• MATERIAL PROVIDED:
╭──
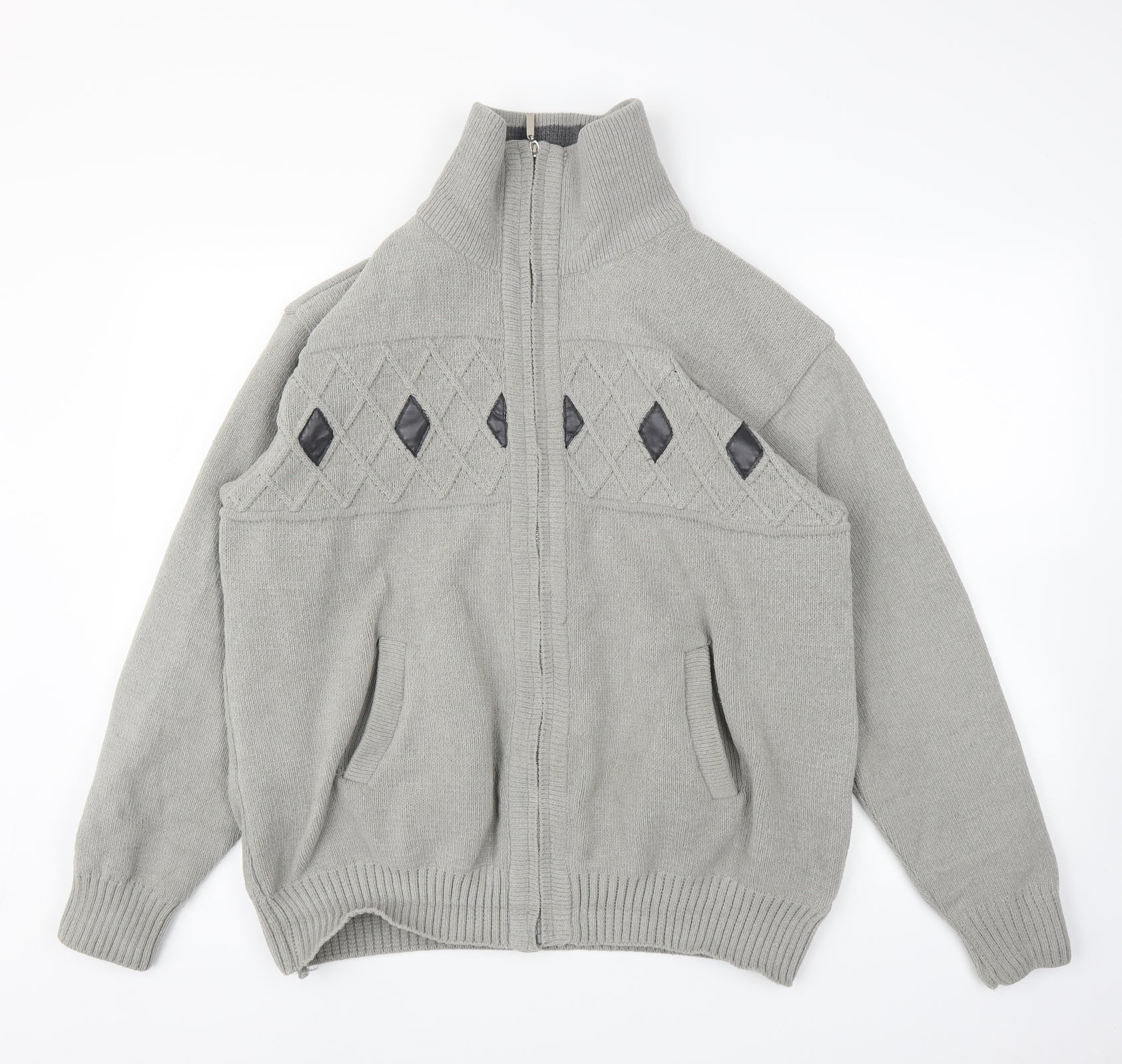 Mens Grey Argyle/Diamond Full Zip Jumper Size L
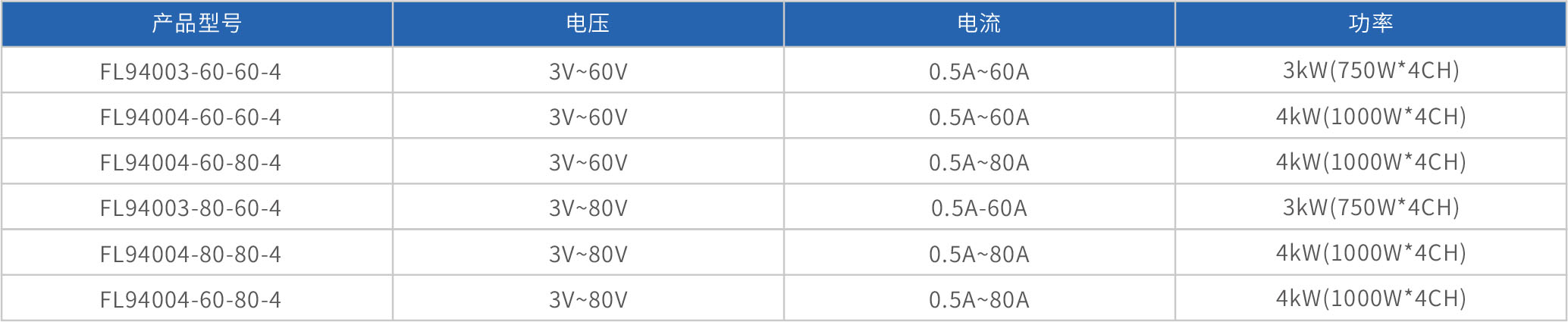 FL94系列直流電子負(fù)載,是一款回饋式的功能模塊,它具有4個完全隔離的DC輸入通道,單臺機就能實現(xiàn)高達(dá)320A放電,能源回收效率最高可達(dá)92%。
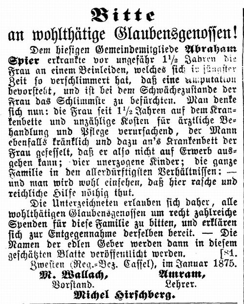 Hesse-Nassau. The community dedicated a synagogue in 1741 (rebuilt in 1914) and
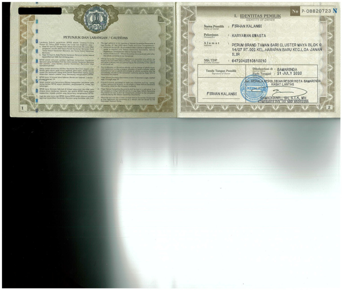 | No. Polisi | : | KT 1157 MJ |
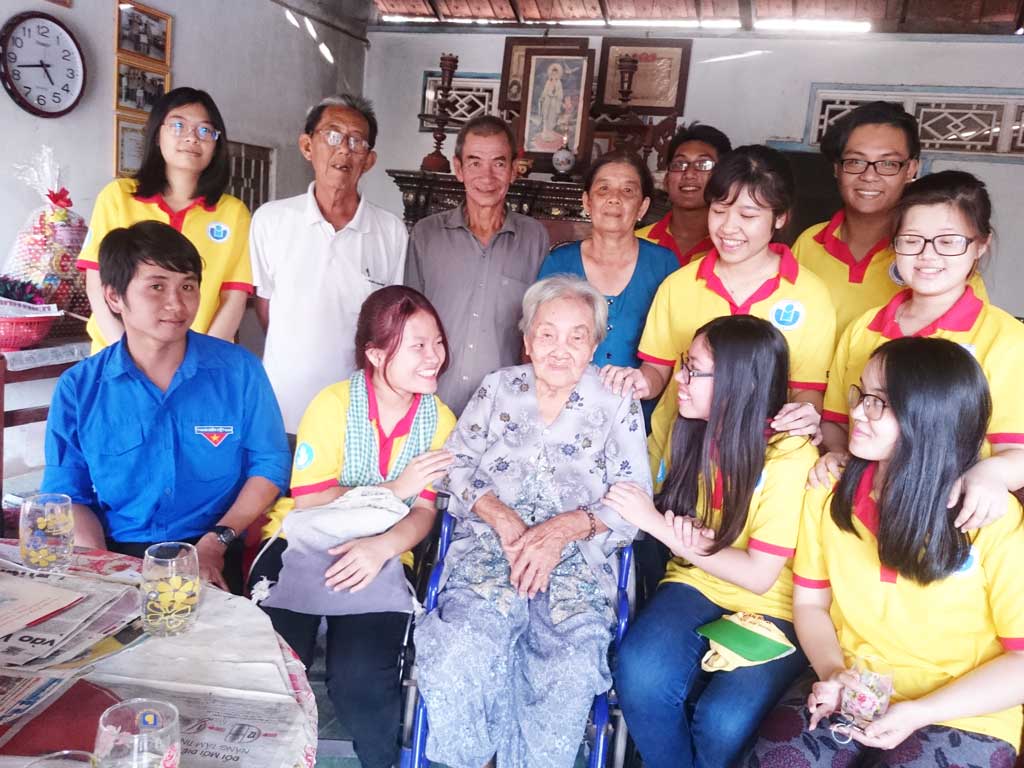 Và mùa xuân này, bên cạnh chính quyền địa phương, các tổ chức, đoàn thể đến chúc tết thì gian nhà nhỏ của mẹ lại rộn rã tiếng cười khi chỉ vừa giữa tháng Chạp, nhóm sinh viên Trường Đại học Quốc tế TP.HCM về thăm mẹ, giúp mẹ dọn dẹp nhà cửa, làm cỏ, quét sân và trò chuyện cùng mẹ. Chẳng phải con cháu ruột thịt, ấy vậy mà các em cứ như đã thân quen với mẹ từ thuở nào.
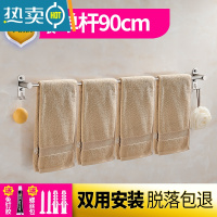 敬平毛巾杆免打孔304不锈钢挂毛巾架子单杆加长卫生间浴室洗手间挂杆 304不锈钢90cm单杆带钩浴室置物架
╰──
• WHAT YOU ARE ASKED TO DO:
Return the listing above unaltered, omitting its pictures.

• RESPONSE TO THE EXERCISE:
 Mens Grey Argyle/Diamond Full Zip Jumper Size L
 FL94系列直流電子負(fù)載,是一款回饋式的功能模塊,它具有4個完全隔離的DC輸入通道,單臺機就能實現(xiàn)高達(dá)320A放電,能源回收效率最高可達(dá)92%。
 Hesse-Nassau. The community dedicated a synagogue in 1741 (rebuilt in 1914) and
 | No. Polisi | : | KT 1157 MJ |
 Và mùa xuân này, bên cạnh chính quyền địa phương, các tổ chức, đoàn thể đến chúc tết thì gian nhà nhỏ của mẹ lại rộn rã tiếng cười khi chỉ vừa giữa tháng Chạp, nhóm sinh viên Trường Đại học Quốc tế TP.HCM về thăm mẹ, giúp mẹ dọn dẹp nhà cửa, làm cỏ, quét sân và trò chuyện cùng mẹ. Chẳng phải con cháu ruột thịt, ấy vậy mà các em cứ như đã thân quen với mẹ từ thuở nào.
 敬平毛巾杆免打孔304不锈钢挂毛巾架子单杆加长卫生间浴室洗手间挂杆 304不锈钢90cm单杆带钩浴室置物架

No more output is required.